The first device went off shortly before 9.30pm outside the London Dungeon museum, a popular tourist attraction near London Bridge. An hour later, another exploded in Melcombe Street near Balcombe Street, Marylebone, the scene of an IRA siege in 1975.

Commander George Churchill- Coleman, head of Scotland Yard's anti-terrorist branch, said the devices were 'similar'.

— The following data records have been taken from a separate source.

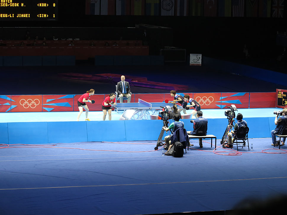 Bei den Schwimmwettkämpfen hatten ARD und ZDF zwei zusätzliche Kameras auf einer Presenter-Position platziert. »Diese Plattform, die wir dafür nutzten, war relativ klein«, berichtet Gunnar Darge, »und es war auch die einzige Presenter-Plattform, die wir im Rahmen der Olympia-Berichterstattung einsetzten.« Zusätzlich gab es im Schwimmstadion noch eine Kamera in der Mixed Zone, eine eigene Führungskamera und eine Head-On-Kamera, die hauptsächlich aufs Schwimmbecken blickte. Die Kameras stammten aus dem Pool von NDR (Grass Valley-Kameras) und ZDF (Ikegami-Kameras).
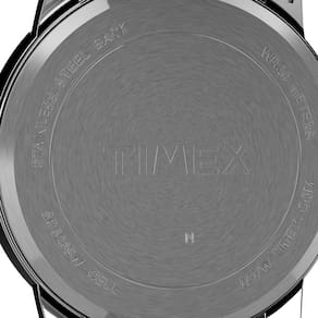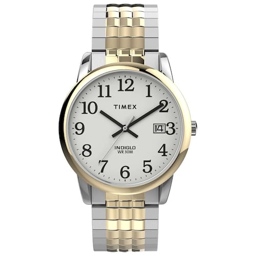 Relógio masculino Timex Easy Reader de 35 mm Perfect Fit — Estojo bicolor, mostrador branco com faixa de expansão bicolor — Pulseira de expansão de aço inoxidável bicolor de 20 mm, ajustável e perfeita para circunferência de pulso de até 8 polegadas — Mostrador branco de fácil leitura com algarismos arábicos pretos completos; janela de data às 3 horas — Caixa bicolor de latão de 35 mm com cristal de vidro mineral — Mostrador iluminado Indiglo — Resistente à água até 30 m (100 pés): em geral, resiste a respingos ou breve imersão na água, mas não é adequado para nadar ou tomar banho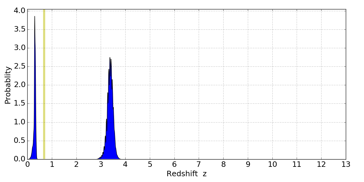In P(z) plots: Yellow lines mark the cluster redshift z = 0.677,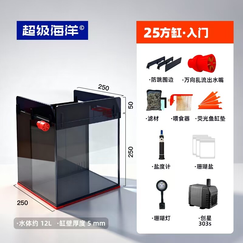 淘宝小海缸珊瑚缸鱼缸超白玻璃裸缸办公室桌面方形缸小型带灯带过滤器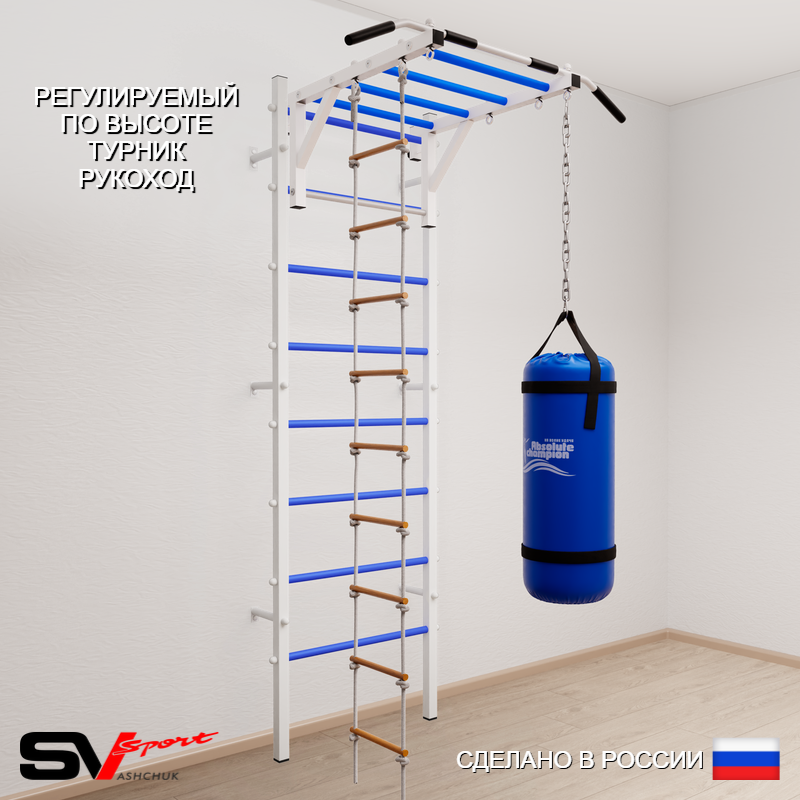 КОМПЛЕКТАЦИЯ: Шведская стенка Sv Sport усиленная (профиль вертикальных стоек 60 х 40 х 2 мм), Турник Sv Sport рукоход к ШС, Лестница веревочная, Цепь удлинитель 90см, Мешок боксерский 30кг.
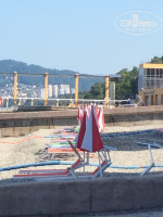 Далее пляж. Зонты, шезлонги есть. Но матрасы на шезлонги не полагаются. Отдыхающим корпуса "Сочи" повезло больше, на их пляже были более комфортные шезлонги, на которые матрасы не требуются.

London Bridge and roads within a half-mile radius were sealed off by police after the first bomb, planted in or underneath a Golf saloon car, exploded. Later, Piccadilly Circus, King's Cross and London Bridge Tube stations, and the Victoria, Piccadilly, Bakerloo, Northern and Metropolitan lines were closed.

A policeman searching for the first bomb after a vague 10-minute warning was given suffered an ear injury in the Tooley Street blast, the only casualty of the night.

Shortly before midnight, police carried out a controlled explosion on a car illegally parked outside King's Cross station, but it is thought the vehicle did not contain any explosives.

Earlier yesterday, the IRA admitted planting two devices that went off in the West End of London on Wednesday, causing serious disruption to traffic. The first, in a litter bin near Piccadilly Circus, slightly injured five people, while the second was placed near a telephone junction box close to the Centre Point building.